[Start of Attachment]

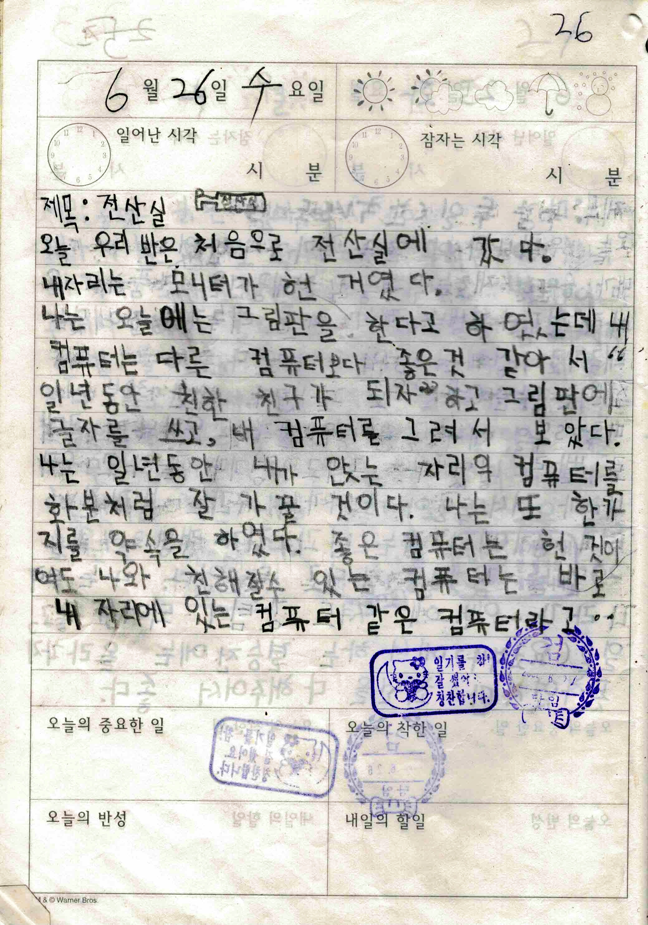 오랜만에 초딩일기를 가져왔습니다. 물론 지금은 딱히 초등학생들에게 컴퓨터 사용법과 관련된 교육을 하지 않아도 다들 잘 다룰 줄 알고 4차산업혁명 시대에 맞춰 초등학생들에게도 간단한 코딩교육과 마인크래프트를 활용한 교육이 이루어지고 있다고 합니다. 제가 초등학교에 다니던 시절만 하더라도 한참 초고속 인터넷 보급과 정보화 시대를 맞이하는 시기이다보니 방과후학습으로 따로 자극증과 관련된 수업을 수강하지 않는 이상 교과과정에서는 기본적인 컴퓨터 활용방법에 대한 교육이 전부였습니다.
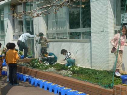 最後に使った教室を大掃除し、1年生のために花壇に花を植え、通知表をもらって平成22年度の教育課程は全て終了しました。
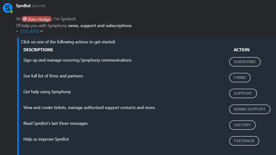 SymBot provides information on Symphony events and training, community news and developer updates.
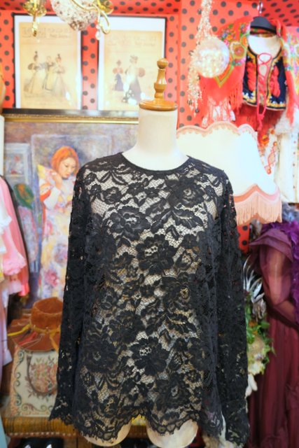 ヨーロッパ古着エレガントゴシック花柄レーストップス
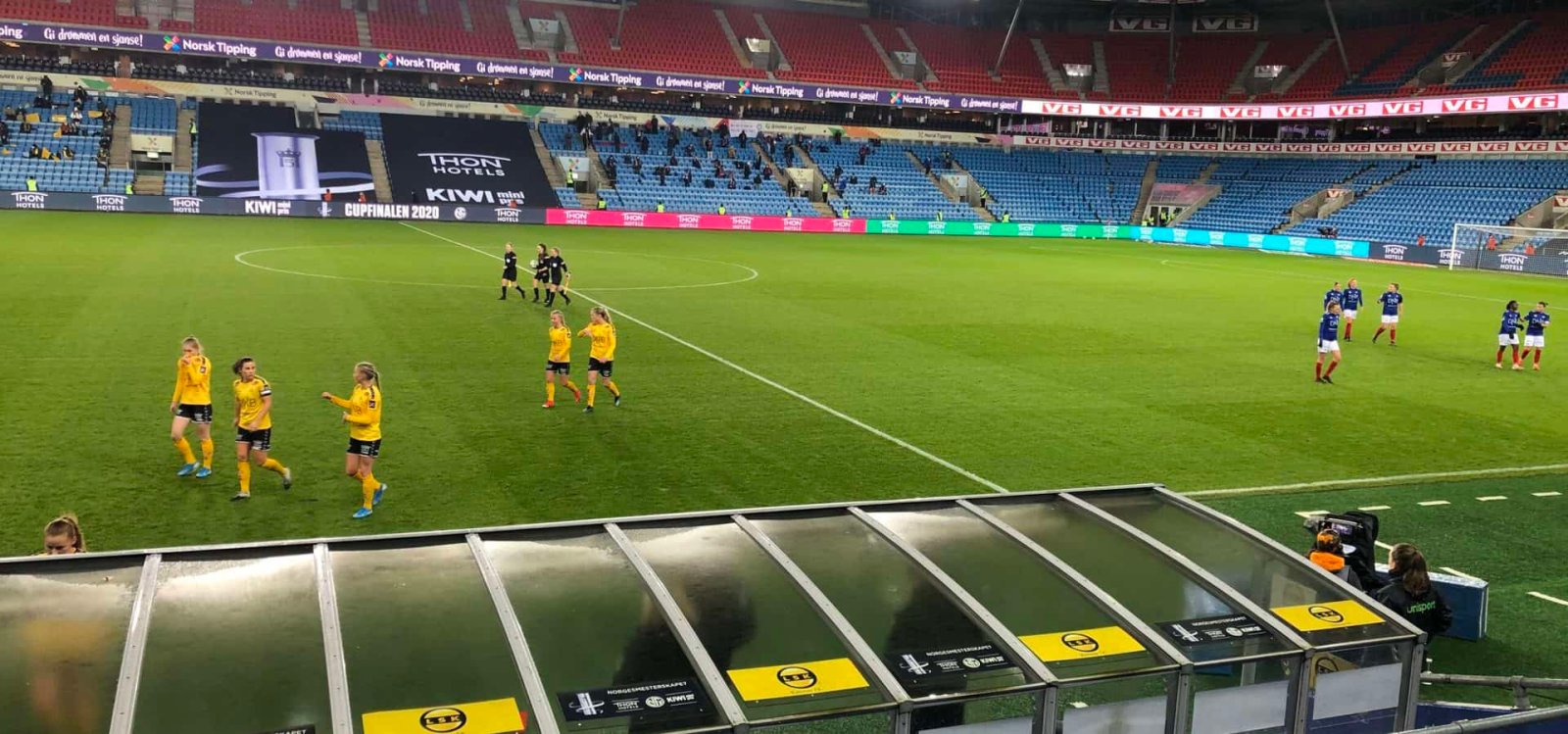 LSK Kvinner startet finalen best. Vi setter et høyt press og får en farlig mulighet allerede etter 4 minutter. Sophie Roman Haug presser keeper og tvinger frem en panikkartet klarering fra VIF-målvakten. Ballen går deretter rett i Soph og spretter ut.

[End of Attachment]

• To do: Every record above should come back exactly, but without its pictures.

• Solved problem:
 오랜만에 초딩일기를 가져왔습니다. 물론 지금은 딱히 초등학생들에게 컴퓨터 사용법과 관련된 교육을 하지 않아도 다들 잘 다룰 줄 알고 4차산업혁명 시대에 맞춰 초등학생들에게도 간단한 코딩교육과 마인크래프트를 활용한 교육이 이루어지고 있다고 합니다. 제가 초등학교에 다니던 시절만 하더라도 한참 초고속 인터넷 보급과 정보화 시대를 맞이하는 시기이다보니 방과후학습으로 따로 자극증과 관련된 수업을 수강하지 않는 이상 교과과정에서는 기본적인 컴퓨터 활용방법에 대한 교육이 전부였습니다.
 最後に使った教室を大掃除し、1年生のために花壇に花を植え、通知表をもらって平成22年度の教育課程は全て終了しました。
 SymBot provides information on Symphony events and training, community news and developer updates.
 ヨーロッパ古着エレガントゴシック花柄レーストップス
 LSK Kvinner startet finalen best. Vi setter et høyt press og får en farlig mulighet allerede etter 4 minutter. Sophie Roman Haug presser keeper og tvinger frem en panikkartet klarering fra VIF-målvakten. Ballen går deretter rett i Soph og spretter ut.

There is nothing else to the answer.